Every B2B marketer has at some point opened their Google Analytics acquisition report, seen “Direct / None” as the second or third largest source, and felt a small pang of denial. Direct is not a source. Direct is where attribution goes to die. Whatever that traffic really was, a paid click that lost the UTM, an email link shared in Slack, a referral from a platform that strips query strings, a return visit from a bookmarked tab, your analytics tool shrugged and logged it as direct.
I am George, founder of Leadpipe. We run an identity graph behind 280M verified profiles, 5M websites monitored, and 60B intent signals refreshed every 24 hours. The whole point of identity-graph-based visitor identification is that we can stitch a session back to a person even when the UTMs are missing. That gives us a second lens on where traffic actually comes from, and the gap between that lens and the GA4 / HubSpot / Salesforce attribution view is the subject of this post.
This is not a benchmark study.

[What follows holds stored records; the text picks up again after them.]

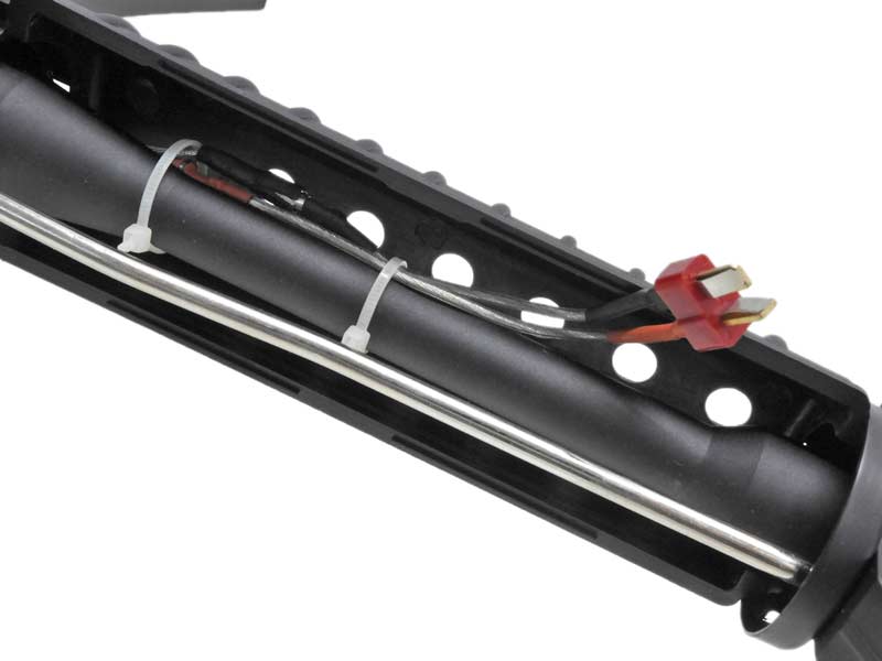 ※バッテリー接続時にはセレクターを「フルオート」にし、BB弾が装填されていない事を確認した上でトリガーに触れずに、周囲の安全を確認し接続してください。
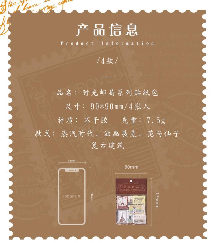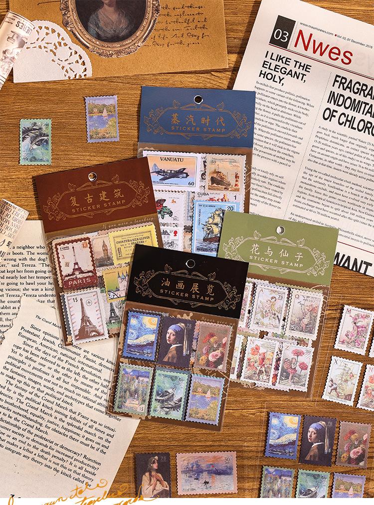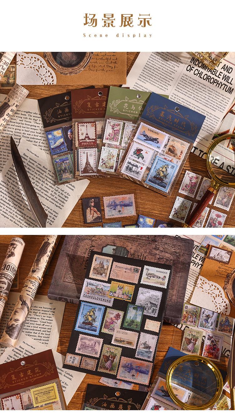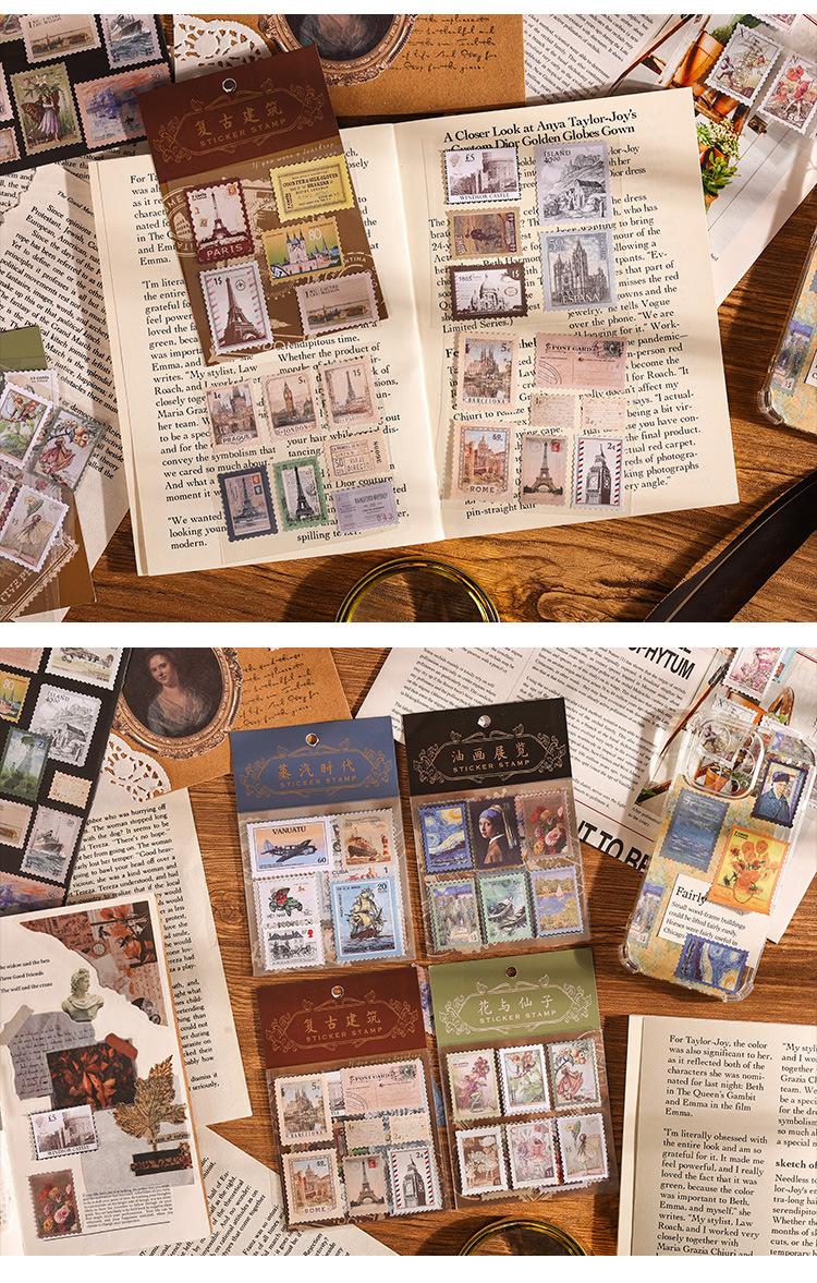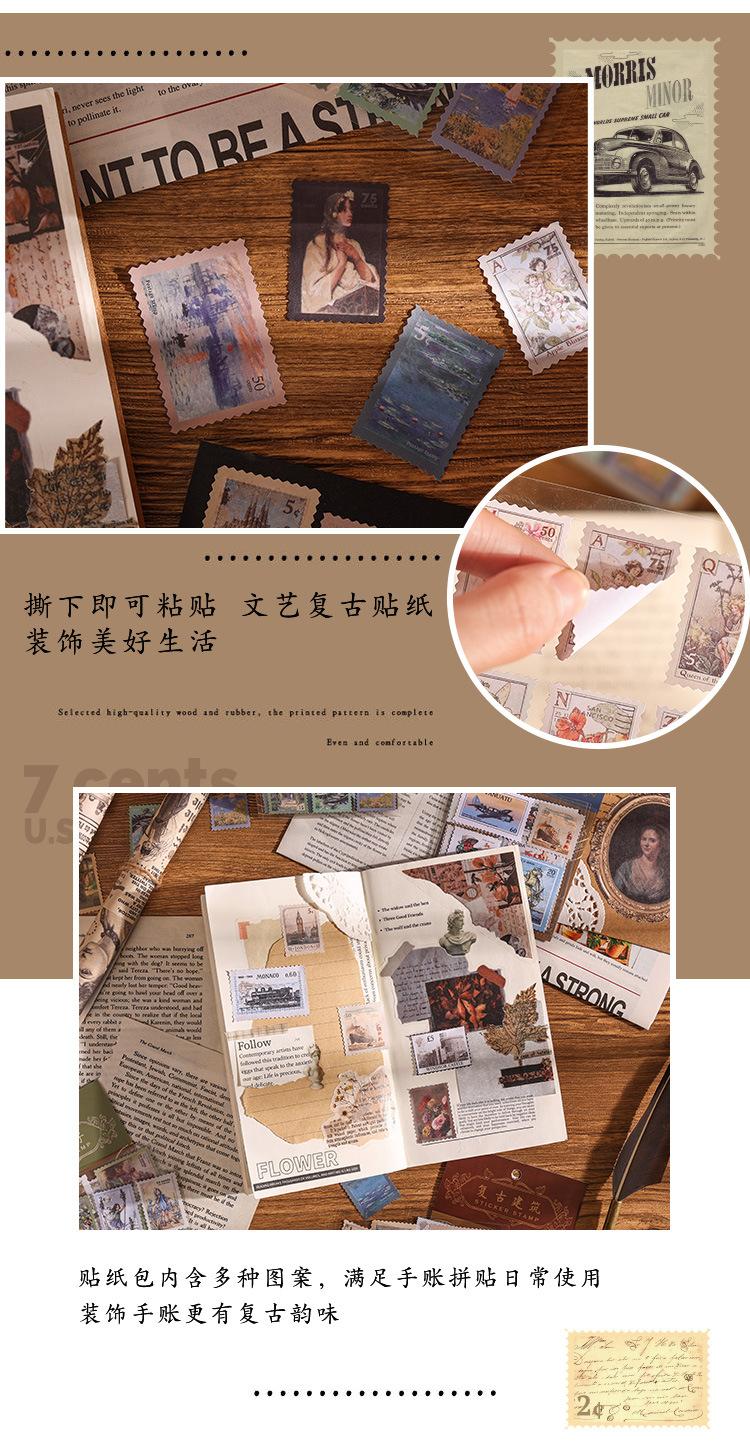 Paquete de pegatinas para el manual de sellos retro, serie Time Post Office, material artístico para el diario, pegatinas decorativas DIY
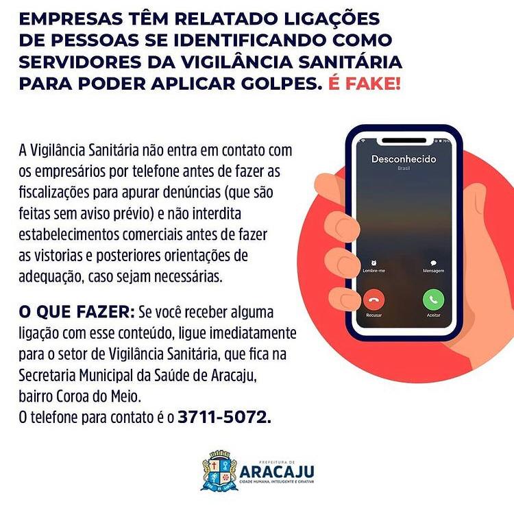 A Secretaria Municipal da Saúde (SMS) desmente a informação que está circulando sobre o golpe de um suposto funcionário da Vigilância Sanitária de Aracaju que estaria entrando em contato com empresários, por telefone, afirmando ser fiscal do órgão com a finalidade de aplicar golpes a partir de ameaças. Empresas têm comunicado à Secretaria que estão recebendo ligações de pessoas que dizem ser funcionárias da Vigilância Sanitária do município, as quais estariam repassando informações falsas.
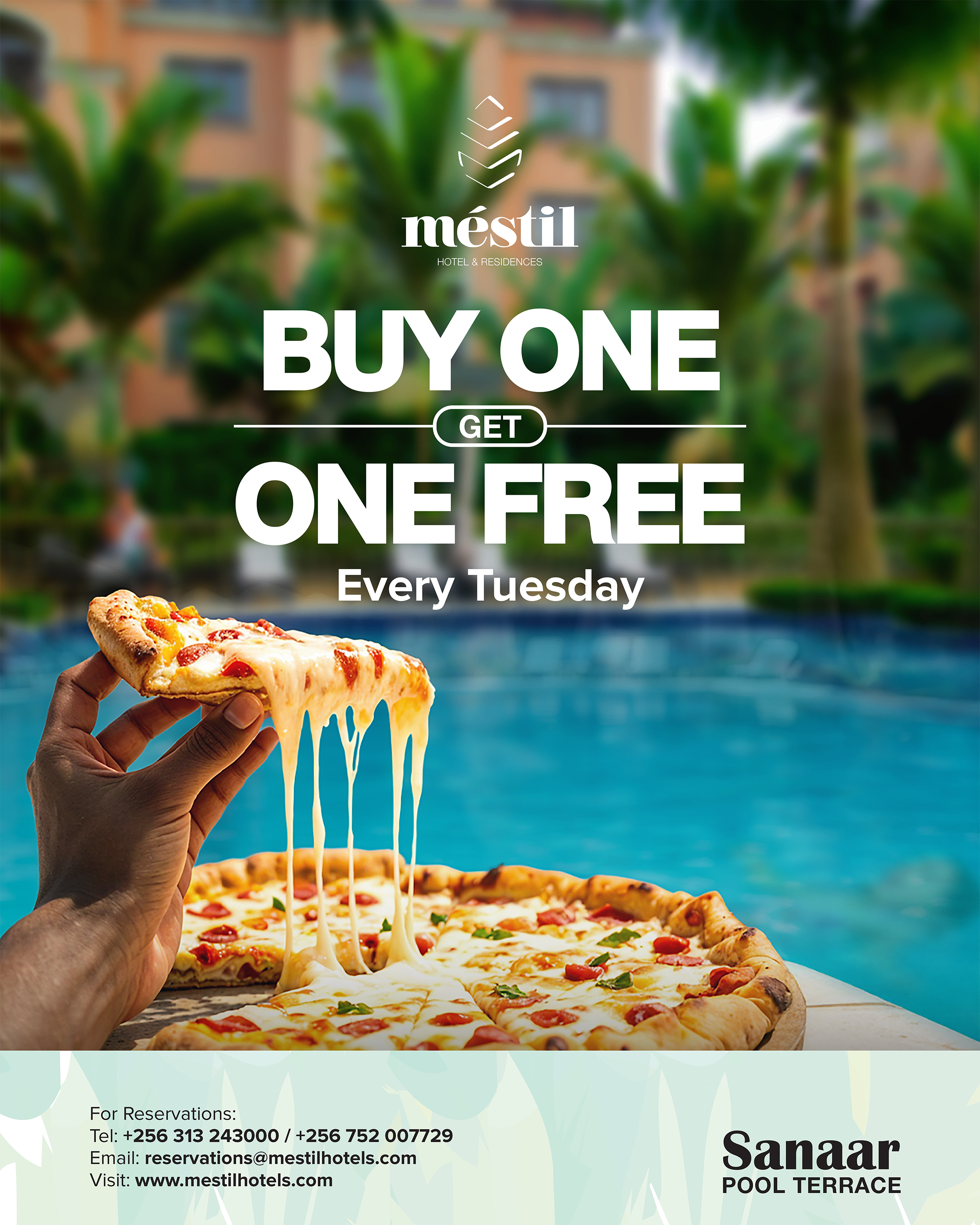 Indulge in double the delight with our signature pizza offer, exclusively at the pool terrace.
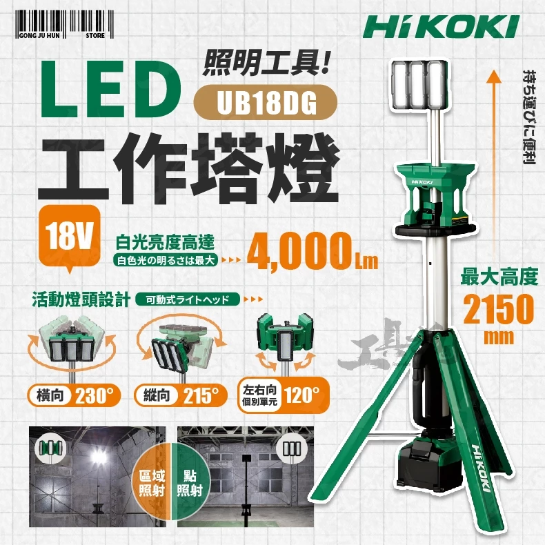 HIKOKI- LED工作燈 UB18DG 18V 工作塔燈 4000lm 活動燈頭 照明燈 空機

It is an honest framework: what UTM-based attribution is structurally bad at, why, and how to fix it without throwing your analytics stack out.
The thesis in one paragraph
If your channel report shows 20-30% direct traffic, you do not have a strong brand. You have an attribution failure. Most of that “direct” is leaked attribution from organic search, dark social, and paid clicks with broken UTMs. Identity-based attribution recovers most of it. UTM-only reporting cannot.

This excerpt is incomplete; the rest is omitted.